Resources are deployed to the cloud while Workers run locally in workerd. File changes trigger automatic rebuilds and hot reloads.

OptionDescription
--stage <name>Stage to use for dev (defaults to dev_$USER)
--env-file <path>Load environment variables from a file
Terminal window
# Start dev mode
alchemy dev
# Use a custom stage
alchemy dev --stage dev

Stream live logs from deployed resources in real time.

Terminal window
alchemy tail [file] [options]
Tailing: Worker, Api

2026-04-15 14:32:01.123 PST [Worker] GET /hello.txt 200
2026-04-15 14:32:01.456 PST [Worker] PUT /world.txt 201
2026-04-15 14:32:02.789 PST [Api] POST /api/data 200

Logs from multiple resources are interleaved and color-coded by resource. The command streams indefinitely until you interrupt it with Ctrl+C.

OptionDescription
--stage <name>Stage to tail (defaults to dev_$USER)
--filter <ids>Comma-separated logical resource IDs to include (e.g.

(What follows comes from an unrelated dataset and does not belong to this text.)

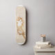 Naranja y tabby blanco gata muy joven campanan en una patineta como jugar con los usuarios tirantes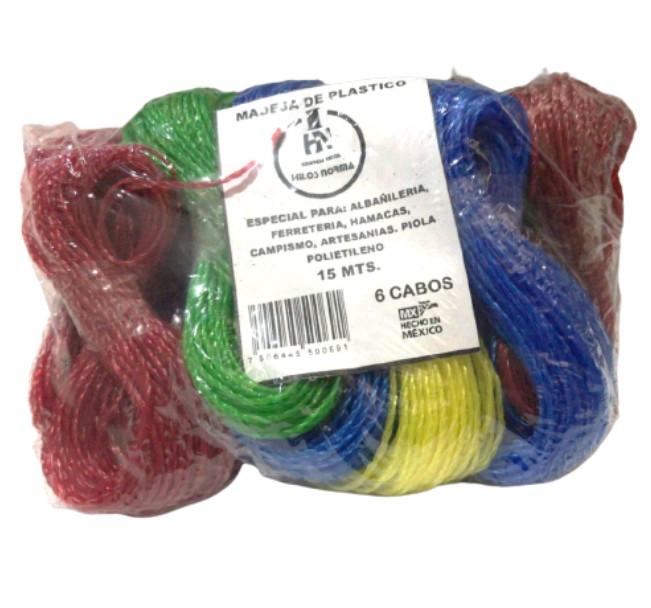 Hilo plastico madeja 15 mts paq 12 pzas

Worker,Api)
--env-file <path>Load environment variables from a file
Terminal window
# Tail only the Worker resource
alchemy tail --filter Worker
# Tail a specific stage
alchemy tail --stage prod

Fetch historical logs from deployed resources.

Terminal window
alchemy logs [file] [options]

Unlike tail, logs fetches a batch of past log entries and exits.

OptionDescription
--stage <name>Stage to fetch logs from (defaults to dev_$USER)
--filter <ids>Comma-separated logical resource IDs to include
--limit <n>Number of log entries to fetch (default: 100)
--since <time>Fetch logs since this time — a duration (1h, 30m, 2d) or ISO date
--env-file <path>Load environment variables from a file
Terminal window
# Last 50 log entries from all resources
alchemy logs --limit 50
# Logs from the last hour, Worker only
alchemy logs --filter Worker --since 1h
# Logs from a specific stage since a date
alchemy logs --stage prod --since 2026-04-01T00:00:00Z

Set up the AWS assets bucket required for deploying Lambda functions and other AWS resources that need artifact storage.

Terminal window
alchemy bootstrap [options]
OptionDescription
--profile <name>AWS profile to use for credentials (default: default)
--region <region>AWS region to bootstrap (defaults to AWS_REGION env var)
--destroyDestroy all bootstrap buckets in the selected region
--env-file <path>Load environment variables from a file
Terminal window
# Bootstrap with the default profile
alchemy bootstrap
# Bootstrap a specific region and profile
alchemy bootstrap --profile prod --region us-west-2
# Remove bootstrap resources
alchemy bootstrap --destroy

Every command targets a stage — an isolated instance of your stack. The stage defaults to dev_$USER (e.g. dev_sam), so each developer gets their own environment automatically.

Terminal window
alchemy deploy --stage prod
alchemy deploy --stage pr-42
alchemy destroy --stage dev_sam

Resources are namespaced by stage. Physical names include the stage (e.g. myapp-prod-bucket-abc123), so environments never interfere with each other.